Opinion | Seizure first aid should be a campus priority

As the fourth leading neurological problem affecting U.S. adults each year, seizure first aid should become a part of life skills taught on UI campus.

Opinion+%7C+Seizure+first+aid+should+be+a+campus+priority

Yasmina Sahir, Opinions Columnist


After a 2018 surgery to remove the growing brain tumor in the right anterior lobe of my brain, my neurosurgeon warned my risk of seizures would remain high in my surgical recovery, remission, and tumor-free stages of my medical journey.

I have always had one concern: If I seize in public without a close friend nearby, will bystanders be more concerned with taking photos of an embarrassing moment, or will people know what to do that could potentially save my or another person’s life?

The University of Iowa should start requiring first-aid training in their orientation services for all students when they enroll in their first semester. Similar to the teaching process for alcohol poisoning, including quick instructions in video format could be a lifesaving measure one day.

Epilepsy is a neurological disorder that affects approximately 1.2 percent of the U.S. adult population and is the fourth most common neurological condition in the country, according to the Epilepsy Foundation. It is estimated that one in every 26 people will experience a seizure in their lifetime.

That means over 1,200 of the total 31,317 student population on the UI campus are potentially at risk of seizing in their adult lives.

While walking across campus on Nov. 10, I witnessed a young adult having a grand mal seizure on the crosswalk of Iowa Avenue and Clinton Street.

Several students chose to stand around, staring and taking photos. Others stepped in, bravely handling the situation by making sure emergency services arrived and proper seizure first aid was administered.

Seizure conditions are diagnosed for a variety of reasons. Epilepsy, brain tumors, and diabetes can all lead to a person experiencing seizure-like symptoms.

Until I was forced to understand the ins and outs of seizure aid, I was unaware of how easy first aid in these scenarios can be.

My classmate asked me last week what she should do if I ever were to seize in front of her. This question caused me to pause, as she was the first person — outside of legally obligated professors — to ask me about lifesaving measures in the case of an emergency.

But the burden of seizure education should not be placed on those who must navigate a non-seizure friendly world in the first place.

The first step in seizure first aid is to stay with the seizing individual until they are conscious. Alert nearby medical personnel, or call 911. If the seizure lasts longer than three minutes, especially if the five-minute mark passes, the seizure should be considered a medical emergency.

Another point of seizure advocacy that should be taught by UI during orientation is to remind students peer pressure has no place on campus. Not all college students will be able to drink, watch flashy horror movies, or attend concerts with strobe lighting amongst other activities that can be seizure inducing.

It is important to avoid peer pressuring your friends when they say they can’t do something.

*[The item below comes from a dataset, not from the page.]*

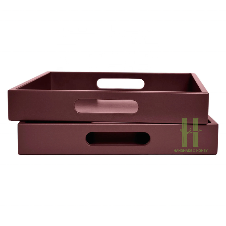 ชุดถาดเสิร์ฟไม้ไผ่ทำมือรักษ์โลก 2 ชิ้น พร้อมโลโก้และสีที่ปรับแต่งได้ตามต้องการ สไตล์วินเทจ ตัวเลือก OEM โดย HNH Craft

Whether or not they have an “obvious” disability, no one owes anyone else a more detailed answer than “no” to an activity that places them in potentially risky situations.

The UI should provide the entire student population with information on seizure first aid and advocate for safe campus environments for all students.

To the student who seized on Nov. 10, I hope you are okay and know you aren’t alone.

To the students who make a mockery out of other peoples’ medical emergencies, be better humans.

To the students who step in and advocate for their peers with chronic illnesses and life-threatening conditions, thank you.


Columns reflect the opinions of the authors and are not necessarily those of the Editorial Board, The Daily Iowan, or other organizations in which the author may be involved.